Выбрать главу

Поскольку это кризис прежде всего социальный, то люди склонны объяснять его социальными и прежде всего моральными причинами. В конце концов, распадаются именно социальные отношения, и, значит, субъекты этих отношений не могут быть вполне посторонними феномену этого распада. Но вместо того чтобы винить самих себя, индивиды непременно принимаются винить либо общество в целом, что для них самих не ведет ни к каким практическим выводам, либо других индивидов, которые им представляются особенно зловредными по легко объяснимым основаниям.
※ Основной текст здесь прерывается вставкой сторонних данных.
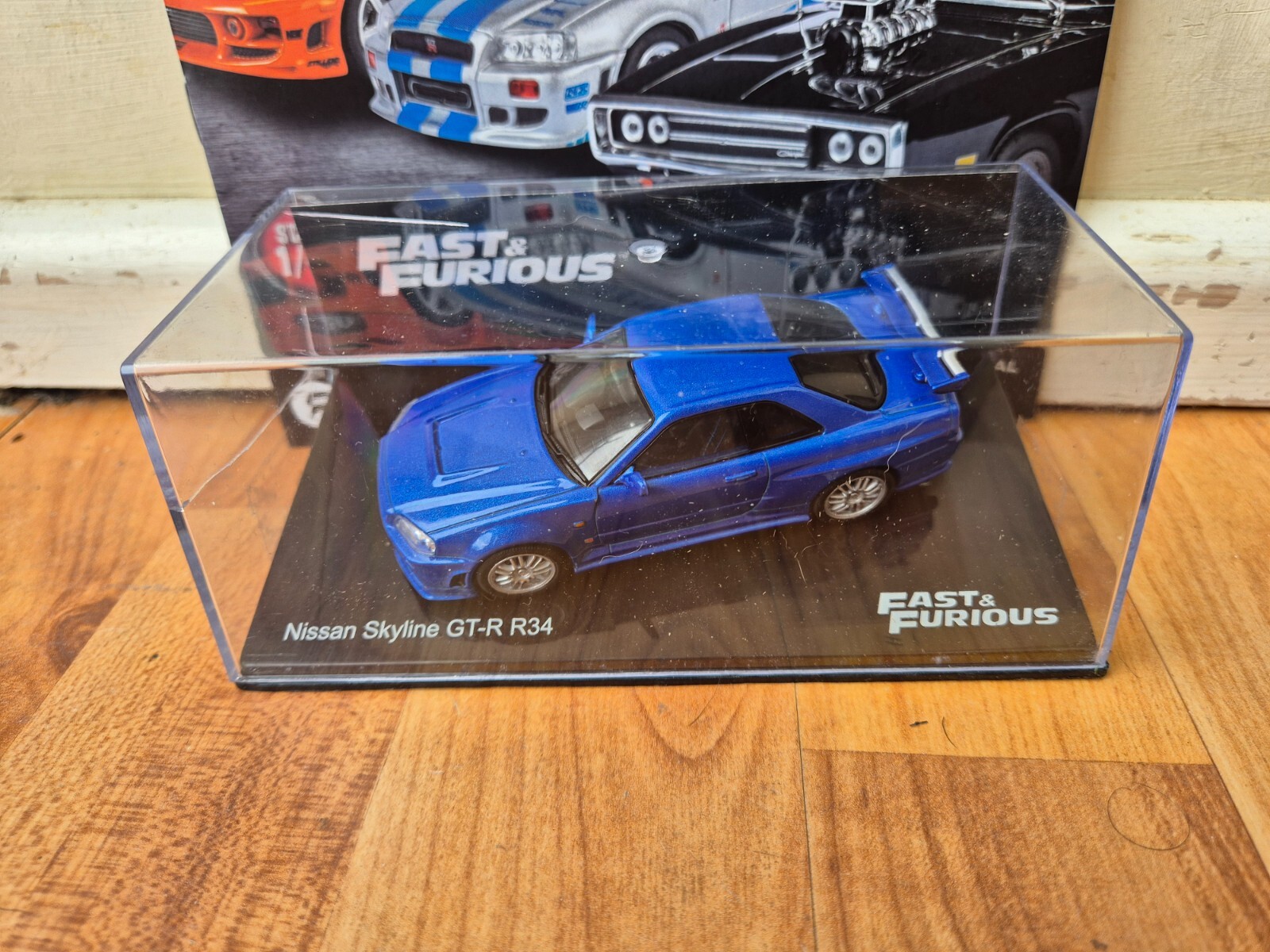YOU ARE BUYING A NISSAN SKYLINE GT-R R34 DIECAST MODEL CAR FROM THE FAST & FURIOUS CAR COLLECTION. GOOD CONDITION ON STAND WITH PLASTIC CASE. CASE HAS A FEW CRACKS. CAR IS EXCELLENT COMES WITH CORRESPONDING MAGAZINE AS RELEASED BY ALTAYA / FANHOME CAR LOOKS HIGHLY REALISTIC, PROFESSIONALLY SCULPTED. MOUNTED ON STAND WITH NAME OF CAR. THE MODEL HAS GREAT DETAIL VERY NICE MODEL 1/43 SCALE. APPROX 8CM LONG WITH ROLLING WHEELS DO NOT MISS OUT CHECK OUT THE OTHER ITEMS IN MY SHOP - AS HUGE POSTAGE DISCOUNTS ARE OFFERED FOR MULTIPLE BUYS

Этих подозреваемых обвиняют в преступлениях особого типа.

Некоторые обвинения настолько характерны для коллективных гонений, что уже по одному их упоминанию современные наблюдатели начинают подозревать, что дело пахнет насилием, и смотрят, нет ли тут и других признаков, способных подтвердить их подозрение, – то есть ищут другие гонительские стереотипы.

На первый взгляд, пункты обвинения достаточно разнообразны – но несложно выявить их единство. Во-первых, имеются насильственные преступления, посягающие на самых неприкосновенных – либо для всех членов социума, либо для данного индивида – особ: на короля, на отца, то есть на символы верховной власти, а иногда – как в библейских, так и в современных обществах, – на существ самых слабых и безоружных, особенно на маленьких детей.

Затем идут сексуальные преступления – изнасилование, инцест, скотоложство. Чаще всего упоминаются именно те преступления, которые нарушают самые строгие – в данной культуре – табу.

И наконец, преступления религиозные – например, осквернение гостии. И здесь также речь идет о нарушении самых суровых запретов.

Все эти преступления кажутся посягающими на самые основы культурного порядка, направленными против семейных и иерархических различий, без которых не было бы и социального порядка. Таким образом, они – в сфере индивидуального действия – аналогичны глобальным последствиям эпидемии чумы или любой сравнимой катастрофы. Они не просто ослабляют социальные связи, но их полностью разрушают.

Гонители в итоге всегда себя убеждают, что небольшая группа индивидов (или даже всего один индивид) может стать крайне вредоносна для целого общества, несмотря на свою сравнительную слабость. Стереотипное обвинение, которое санкционирует и облегчает это верование, служит своего рода посредником, мостом между малостью индивида и огромностью социального тела. Для того чтобы злодеи, даже самые сатанинские, сумели обезразличить все сообщество, они должны либо поразить его в сердце или в голову, либо внутри своей собственной индивидуальной сферы совершить заразно обезразличивающие преступления, какими и являются отцеубийство, инцест и т. д.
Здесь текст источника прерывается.